— Тимофей, — сказал я, — я пришел к заключению, что драгоценности эти скрываются на море. Судно, которое мы собираемся проверить, получит часть украденных драгоценностей на пути между этим местом и Святой Еленой. Оно передаст их на большее судно, которое плавает теперь по Атлантическому океану. Это последнее судно, имей мы только возможность попасть на него, могло бы рассказать нам историю многих знаменитых грабежей, показать содержимое многих опустошенных сейфов, сообщить нам о том, где находятся многие ценные вещи, о пропаже которых объявлено полицией. Я надеюсь, что настанет тот день, когда я ступлю на палубу этого судна, а ты будешь сопровождать меня, Тимофей. Есть одна вещь на свете, в которой я никогда не сомневался, и вещь эта — мужество моего друга.
Ему понравился мой комплимент, и он, чтобы выразить свой восторг, ударил кулаком по столу.
— Я на горы готов карабкаться, только бы добраться до него, — сказал он с искренним чувством. — Не думай плохо обо мне, если я считаю все это нелепостью и жду разочарований. Ты говоришь, что ночь все разъяснит нам. Не обвиняй никого, если ночь будет безмолвна, Ин, мой мальчик.
— Она не будет безмолвна, Тимофей! А вот и капитан Лорри, который несется сюда, чтобы сообщить нам кое-что. Он спешит передать, что слышал какую-то новость. Послушаем его.
Честный Вениамин Лорри, истинный сын Портсмута, влетел в каюту с таким видом, как будто бы судно наше горело. Мне достаточно было взглянуть ему в глаза, и я сразу понял, что он сейчас подтвердит мои слова и скажет, что ночь не безмолвна, а красноречива.

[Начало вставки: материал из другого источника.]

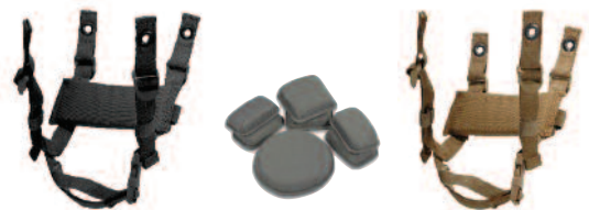
ASPS system with pads. Available in black, tan and green

Final harness construction and pad orientation may differ from photos shown.
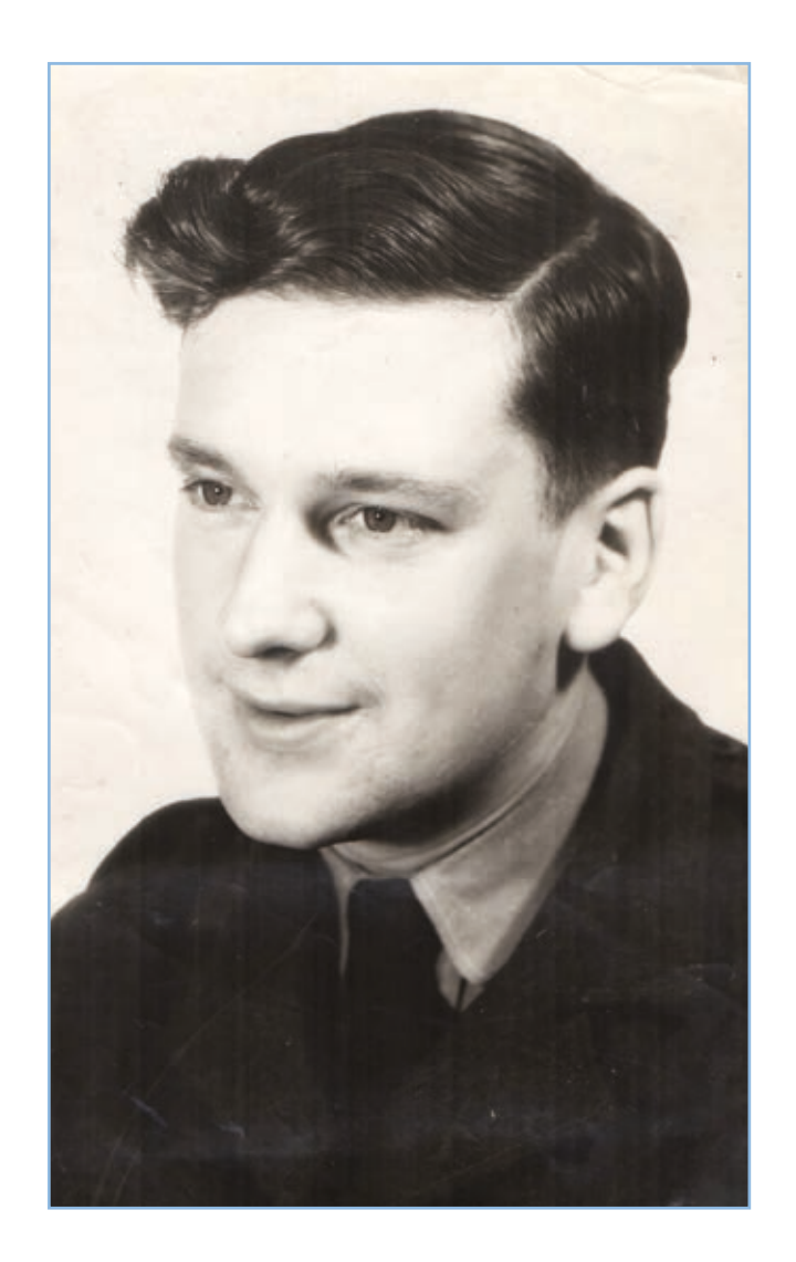
Order of Service

ENTRANCE MUSIC 'Songbird' by Eva Cassidy
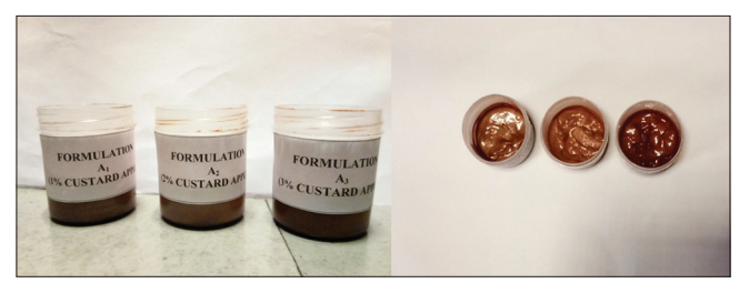
Fig. 2: Formulated anti-aging cream containing custard apple leaf extract
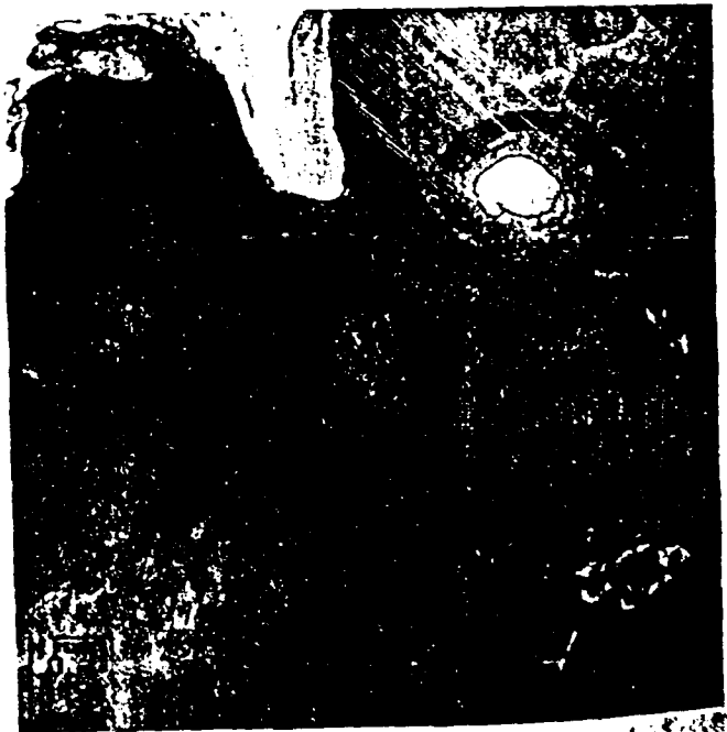
b. Original Infrared Image
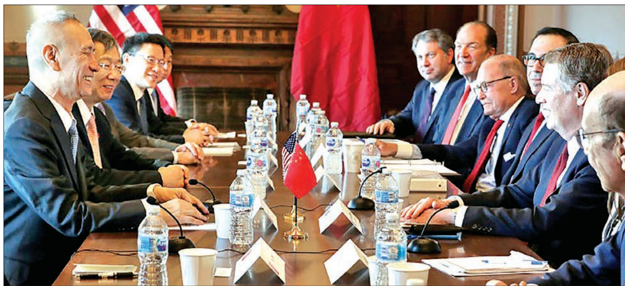
Beijing's trade envoy Liu He (L) meets with US Trade Representative Robert Lighthizer (R) at the Eisenhower Building near the White House.

The two sides have just a month remaining in a 90-day truce declared in December. Should the talks fail, US import duties on $200 billion in Chinese imports are due to more than double on 2 March — something economists say could help knock the wind out of the global econ-
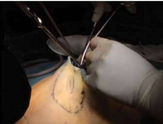
Figure 8. Before starting dissection in the anterior site, injections of physiological saline solution with Epinephrine at a ratio of 1/1.000.000 are performed in the previously marked mobilization area. This procedure would ensure a dissection that is not only easy, but also causes relatively less bleeding

tion can be employed here, as well. The most commonly used techniques include the volume displacement, volume replacement and filling techniques.
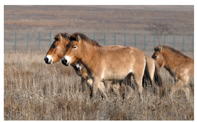
Fig. 3. Przewalski's horses at the breeding centre of the Association «Wild Nature of Steppe».

Optimal living conditions for horses, including satisfactory nutrition are evidenced by: good physical and physiological condition of animals, their behaviour, reproduction, absence of noticeable diseases and deaths in the herd. Every year new foals of Przewalski's horse are born at the Stationary. From 2013 to 2018, nine foals were born here. One of the four horses purchased from the Askania-Nova Reserve in 2013 proved to be pregnant, which means that on 20 October 2013 there were five horses, four adults and one foal. Since October 2013 another nine foals were born, which makes a total of 14 horses in 2018. In 2018, a harem of 11 specimens was kept in the large enclosure, and three males were kept in an isolated pen of 0.3 km<sup>2</sup>. The growing number of Przewalski's horse in the Association «Wild Nature of Steppe» in 2013–2018 is shown in Fig. 4.
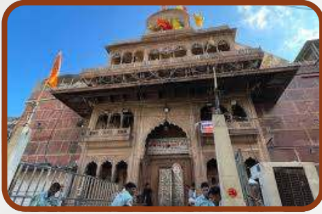
Banke Bihari Temple

Filled with divine energy and soulful chants, this temple captivates with Lord Krishna's playful presence and timeless charm

— Доктор, — крикнул он, еле говоря от волнения, — пройдите, пожалуйста, наверх, там случилось кое-что.
Мы бросились вверх по лестнице… Мак-Шанус при этом с легкостью и быстротой давно прошедшей молодости. Было около десяти часов вечера — четыре склянки первой смены, как говорят моряки. Ночь была темная и на небе ни одной звезды. Море нежно раскачивало нашу яхту, точно любящая рука, нежно качающая колыбель. Я сразу заметил, что машины наши остановлены и огни погашены. Африканский берег еле виднелся вдали и только шум прибоя напоминал о нем. Весь экипаж собрался на носовой части яхты. Я заметил также, что орудия уже приготовлены и люки открыты.

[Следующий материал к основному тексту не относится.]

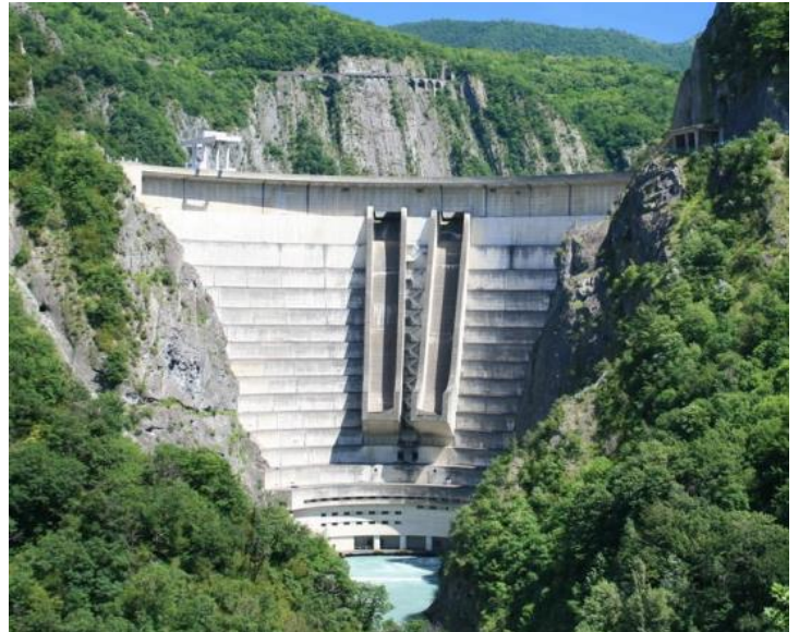
The Monteynard dam, located on the Drac river (France), is 135 meters high and 230 meters width. Its hold 275 million m 3 of water.
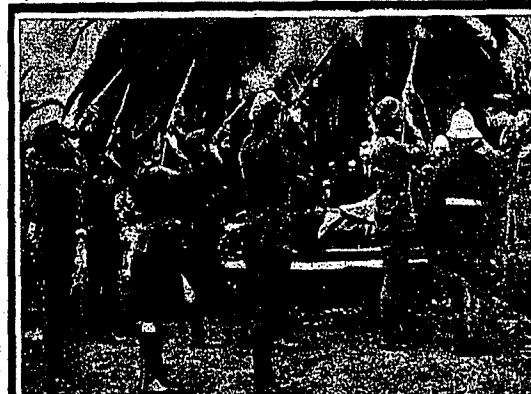
As a last tribute to William Desmond Taylor, the slain motion-picture director, Canadian ex-soldiers acted as guard of honor and fired a volley over the grave of their former comrade and officer. Thousands gathered outside of his home, in the street of Hollywood, and at his burial to pay their last respect.
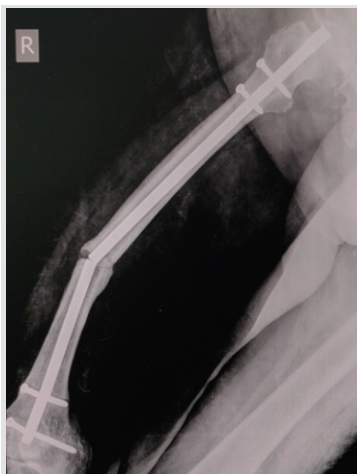
Figure 3: Radiograph of the right femur showing refracture with segmental breakage of the nail with minimal callus formation.

with thigh pain after getting up from sitting position. Clinical examination showed varus deformity of the right thigh with radiographs showing refracture with segmental breakage of the nail at the level of fracture and distal bolts with minimal callus formation (Fig. 3). This led to the impression that the AFF in the diaphyseal region did not unite in 9 months. Subsequently, the patient was treated with exposure of the fracture site, removal of the nail, and fibrous union. The sclerotic bone ends were removed until there was punctuate bleeding from the bone ends. The fixation was performed with K-nail and augmented plating, as shown by Sancheti et al. [9] and was supplemented with osteoperiosteal flaps and iliac crest bone grafting (ICBG) (Fig. 4). Postoperatively, the patient was started on active exercises and non-weight-bearing walking with walker support on day 2 and was discharged from the hospital on day 5. The patient was followed up regularly at 1-month intervals. The radiographs at 3 months showed good callus formation and the patient was advised to complete weight-bearing. The fracture healed successfully at 6 months and the patient started walking without support. At 1-year follow-up, the patient had full hip and knee range of motion and radiographs showed complete
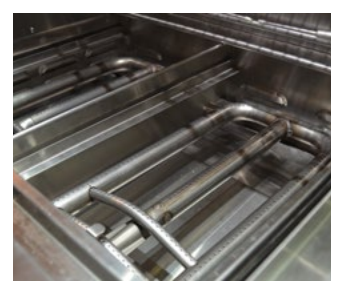
Zone Cooking Feature

Provides additional cooking space and room to cool your perfectly cooked meats before serving. Can be easily removed.

Я, право, удивлялся активности своей команды в этот важный момент. Будь они еще вымуштрованы на каком-нибудь британском военном судне, я не обратил бы такого внимания на их ревностный пыл и в то же время утонченную осторожность. Никто из них не говорил громко, никто не выказывал овладевшего им волнения. Боцман, которого звали Валаамом, спокойно провел меня вперед, а когда я взошел на палубу, указал мне рукой на зрелище, которое привлекало всеобщее внимание, и ждал моих замечаний. Все остальные выразительно кивнули мне головой. Они точно хотели сказать: «А хозяин все-таки прав». Лучшего комплимента мне и желать нельзя было.